Strengths of the batch method are:\
- The parameters are consistent with all data - Straightforward to estimate parameters, uncertainty parameters, and latent states
Weaknesses:\
- Can be computationally slow\
- Require re-fitting model if there is even a single new data point
Alternatively, **sequential** methods only analyze data one time point as a time. Here is general code for a sequential method - notice that the for-loop order is reversed
```
Calculate prior distribution of parameters
for(t in 1:length_of_time_series){
for(i in 1:num_of_particles){
Make predictions for each particle based on previous value for particle
}
Compare particle to data (likelihood or other technique)
Weight particles based on the comparsion to the data
Adjust particles based on weights
}
```
In the sequential method we can restart at any time point, as long as we have the values for the states and parameters that are associated with each particle. When doing an iterative forecast, these values are what you would save to wait for new data to arrive.
## Introduction to Particle Filter
There are many sequential data assimilation methods that make different assumptions about data and model distributions in order to simplify the analysis. Many of the methods emerged before the our massive computational resources or were developed for **HUGE** problems like assimilating terabytes of data into a global weather model that simulates the physics of the atmosphere at 25 km vertical resolution. Examples include the Kalman Filter, Extended Kalman Filter, Ensemble Kalman Filter, and 4D-var. These methods all heavily use matrix algebra which I have not introduced in this class. Since these methods commonly assume that the data and model errors are normally distributed, the numerical version (Ensemble Kalman Filter) can run fewer particles (in this case: ensemble members) because it doesn't take as many samples to estimate the mean and variance of a distribution than it does to estimate the full distribution
Here I introduce the particle filter. The particle filter is a sequential method that will be more familiar to those that have learned the Bayesian methods that we have covered in the earlier chapters (@sec-bayes). It has the concept of a likelihood, of which you are well versed (@sec-likelihood).
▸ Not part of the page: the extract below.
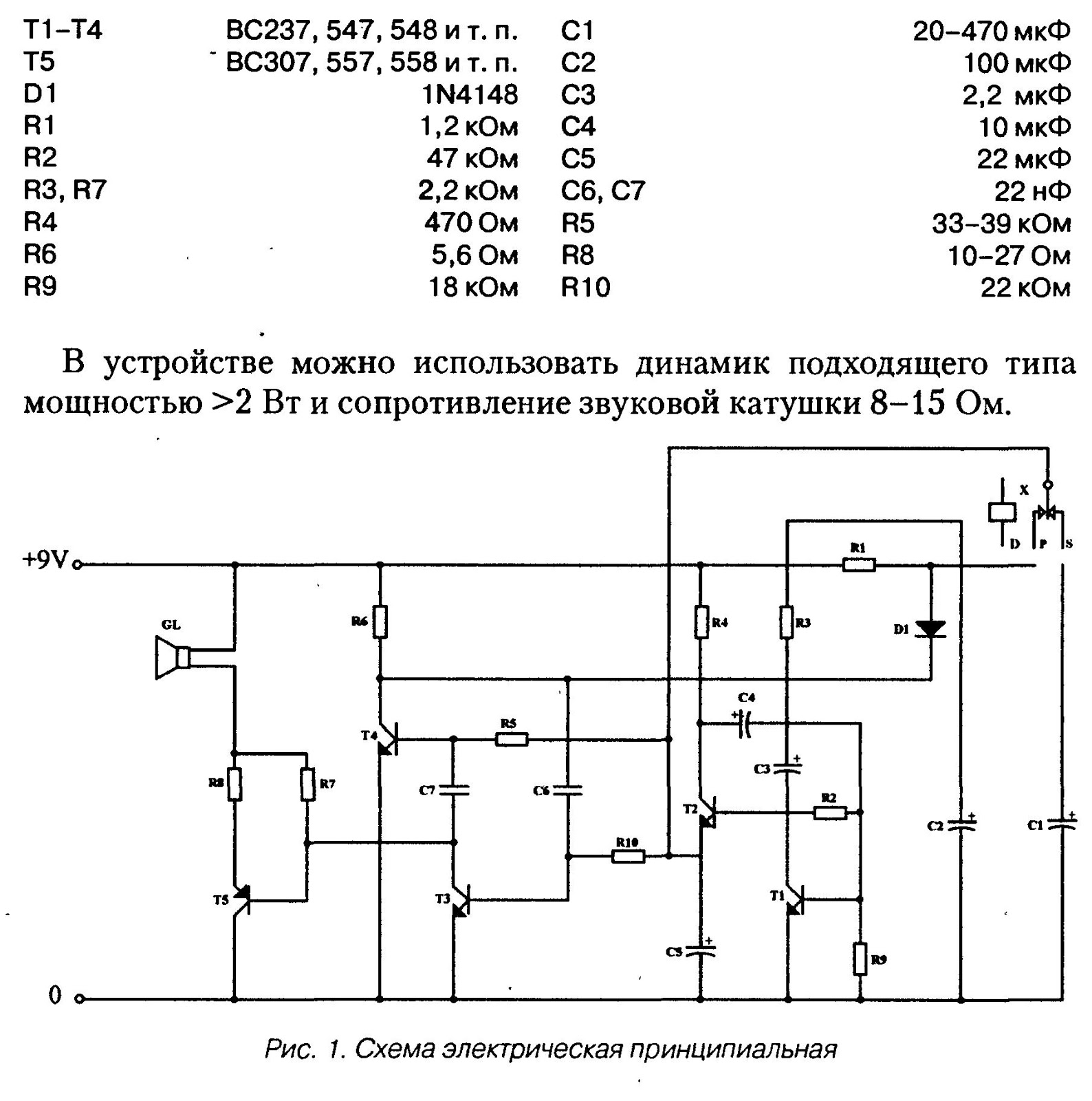 В устройстве можно использовать любой переключатель или проволочные скобы. Изменение тона получается при соединении точки X с точкой Р или S. При соединении точки X с точкой S получается сигнал скорой помощи, при соединении с точкой Р - сигнал пожарной службы, а в положении D - сигнал полиции.
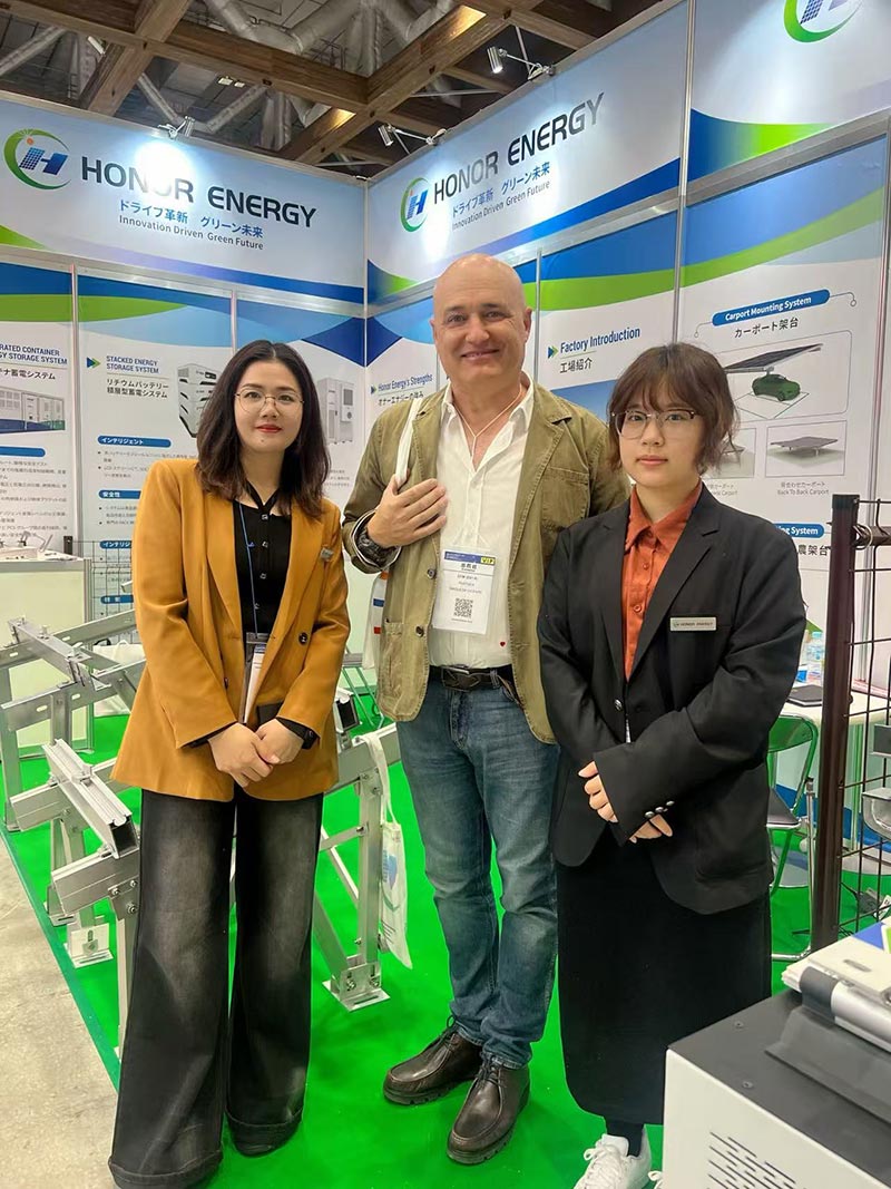 एक अग्रणी फोटोवोल्टिक माउंटिंग सिस्टम प्रदर्शक के रूप में, ऑनर एनर्जी ने जापानी बाजार में वर्षों के प्रोजेक्ट अनुभव के आधार पर ग्राउंड माउंटिंग सिस्टम (कार्बन स्टील और एल्यूमीनियम), कारपोर्ट माउंटिंग सिस्टम, रूफटॉप माउंटिंग सिस्टम, फार्मलैंड माउंटिंग सिस्टम, बाड़, ऊर्जा भंडारण सिस्टम, क्लैंप और अन्य सहायक उपकरण की अपनी विविध रेंज का प्रदर्शन किया।

The particle filter does not assume a specific distribution of the data and model error so it requires more particles to estimate the full distributions. As a result, it is more appropriate for "smaller" problems like the ones we are tackling in this book
The particle filter is quite simple
1. Initialize a set of particles: Set the initial distribution of the states for each particle and, if estimating parameters, initial distribution of parameters that you want to estimate. Think of this as your initial priors.
2. Predict the next time step using your process model for each particle. Add process uncertainty to each particle (i.e., `rnorm`)
3. If there are observations at the time-step, calculate the likelihood of the data given the particle just like we calculated the likelihood in the likelihood and Bayesian exercises. For example: `LL <- dnorm(obs, mean = pred, sd_obs)`. You will typically use the uncertainty of the observations in the likelihood because you have already included the process uncertainty in #2. If observations are not available at the time step, then continue to the time step.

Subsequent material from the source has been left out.